Lecture 14 - Post-midterm, regression

09 Mar 2023

Midterm details

For midterm regrade requests
- Get your physical midterm
- Write your request on the cover
- Turn in to Joe
  - During class or OH
- Do NOT modify your work
  - Violation of Honor Code
  - The EV of this is very negative
- Turn in before March 23rd (Thursday)
Five-number summary of midterm
- Mean 71, SD 19, quantiles are (58, 75, 85)
Go to Joe’s OH to get midterm if you couldn’t pick it up in class
Solutions posted on Canvas
Overall course cutoffs
- 85: at least an A-, barring extreme circumstances
- 65-85: B level
- 50-64: C level
- <50: D level

Midterm review

Bird chirps

Note that most important regularity condition is violated
- Support depends on the parameter
Need indicator or some other method for working with violations of the support
Don’t put the indicator in the exponent!
- Results in $0^0$, for example
- Indicator should be scalar
  - If there is at least one violation of the support, then the parameter is not valid
Density category error
- $Y$ is continuous, so use PDF not probability
- $P(Y = y)$ is not valid!
- Illustrative case: $X \sim \textrm{Expo}(1), Y = 2X$
  - $P(Y = y) = P(2X = y) = P(X = y/2) = e^{-y/2}$
    - The last thing integrates to $2$, which is not a probability and results in $0 = 0 = 0 = 2$
  - The above can use a CDF
  - $P(Y \leq y) = P(X \leq y/2) = 1 - e^{-y/2}$, which is correctly normalized
Statistic or estimator must be function of the data
- “Bigly = big and ugly”, used to describe a mess
- Do not put parameters into statistics
- Confidence interval must also be statistics

Gamma CI

Sanity checks for confidence intervals
- Confidence interval should get narrower as sample size grows
- Confidence interval should depend on data
Limit category error
- If you take a limit as $n \to \infty$, you should not have $n$ in your expression anymore
- RIP partial credit
  - This is for your own good
- Know the difference between the asymptotic distribution and the approximate distribution for a large $n$
- $\sqrt n (\bar Y - \mu) \overset{d}{\to} \mathcal{N}(0, \sigma^2)$ as $n \to \infty$
  - Note that there is no $n$ in the RHS
- $\bar Y \dot\sim \mathcal{N}(\mu, \sigma^2 / n)$ given some large $n$

Regression

Basic setting: $Y = \beta_0 + \beta_1 X + \epsilon$
- Let $\epsilon \perp X$, where both are r.v.s
We often want to consider the conditional distribution $Y \mid X$
- Or $\mathbb{E}[Y \mid X]$
- Quantiles are also well defined
Logistic regression: special case where $Y = {0, 1}$ (i.e., data is binary)
Poisson regression: $Y$ is count data (integers)

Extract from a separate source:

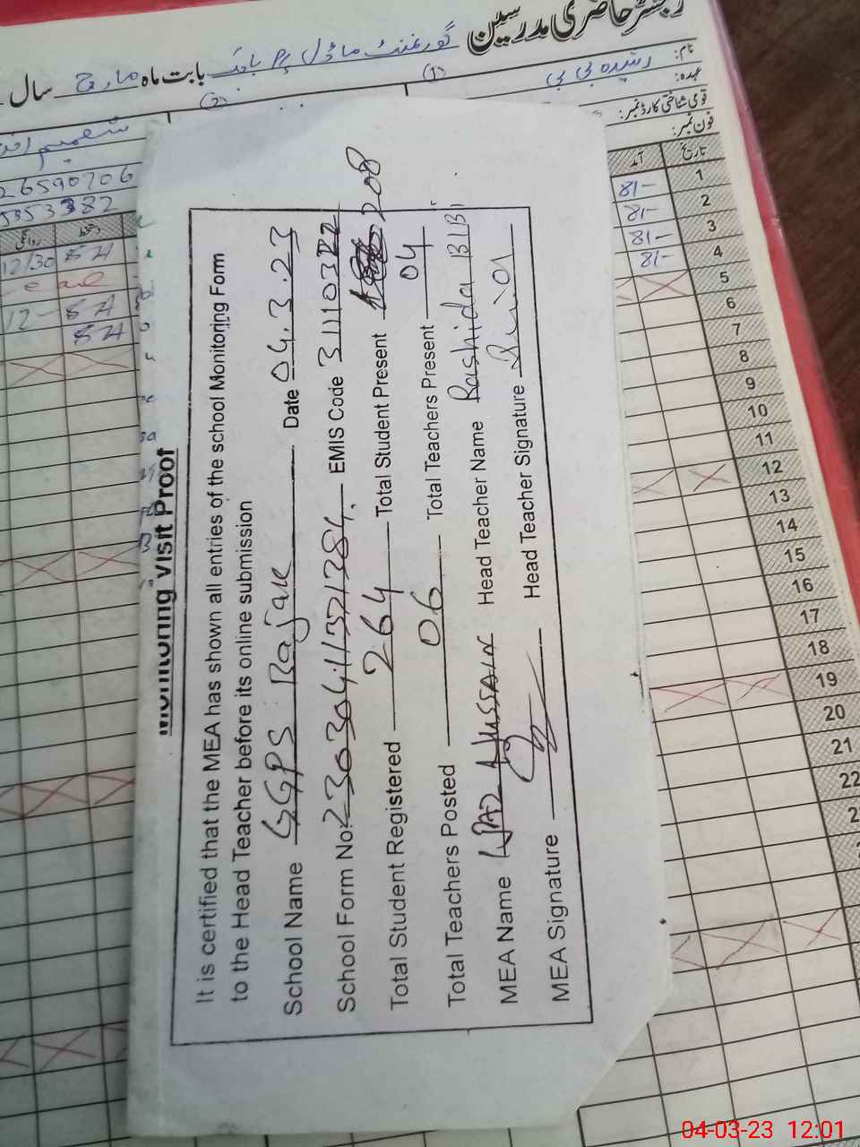 | Attendance Register | Head Teacher | MEA with School | Visit Proof |

Gaussian linear regression

For now, assume $Y$ is Normal (Gaussian, in some courses/contexts)

\[\begin{aligned} Y | X &\sim \mathcal{N}(\theta_0 + \theta_1 X, \sigma^2) \\ \epsilon &= Y - \theta_0 - \theta_1 X \\ \mathbb{E}[Y|X] &= \theta_0 + \theta_1 X \end{aligned}\]

$\epsilon$ is called error (unobservable)
- Not observable w/o info about $\theta_0, \theta_1$
- For plotting, we use the residual (observable)
Residual: $\hat\epsilon = Y - \hat\theta_0 - \hat\theta_1 X$
- $\hat \theta_0 + \hat \theta_1 X$ is the fitted/predicted value
Still need to show independence of $X$ and $\epsilon$
- $\epsilon X \sim \mathcal{N} (0, \sigma^2)$
- Conditional distribution does not depend on $X$
$X$ does not have to be Normal for the assumptions of this model
For rest of problem, assume $Y = \theta X + \epsilon$
Estimators
- Assuming no intercept and mean of 0 for both $X, Y$

\[\hat\theta = \frac{ \sum_{j = i}^n X_j Y_j }{ \sum_{j = 1}^n X_j^2 }\]

We have

\[\textrm{Cov}(Y, X) = \textrm{Cov}(\theta X, X) + \textrm{Cov}(\epsilon, X) \to \theta = \frac{\textrm{Cov}(X, Y)}{\textrm{Var}(X)}\]

So by standard definitions of covariance and variance,

\[\theta = \frac{ \sum_{j = i}^n (X_j - \bar X)(Y_j - \bar Y) }{ \sum_{j = 1}^n (X_j - \bar X)^2 }\]

Logistic regression

Bernoulli is unique because all binary data is Bernoulli
- Unlike continuous distributions, which can take many distributions (which we then try to coerce to Normal)

\[\mu(x) = \mathbb{E}[Y | X = x] = P(Y = 1 | X = x)\]

The form $\theta_0 + \theta_1 X$ is not generally applicable because the RHS is not necessarily bounded by $0, 1$
So what functions can we use to constrain this?
- Relevant choice is a CDF, e.g., $F(\theta_0 + \theta_1 X)$ where $F$ is some valid CDF
- Most common choice is logistic distribution (logit regression)
- We can also use $\Phi$ (probit regression)
- Results usually similar between logit and probit
  - Probit not in closed form
  - Logit function is natural parameter of NEF of binomial

\[\textrm{logit}(p) = \log \left( \frac{p}{1 - p} \right), \textrm{logit}^{-1}(p) = \frac{e^x}{1 + e^x}\]

The inverse logit is also the sigmoid function
- This is also the logistic CDF

\[P(Y = 1 | X = x) = \frac{e^{\theta x}}{1 + e^{\theta x}}\]

Likelihood function given as

\[L(\theta) = \prod_{j = 1}^n \left( \frac{e^{\theta x_j}}{1 + e^{\theta x_j}} \right)^{y_j} \left( \frac{1}{1 + e^{\theta x_j}} \right)^{1 - y_j}\]

No closed-form solution for the MLE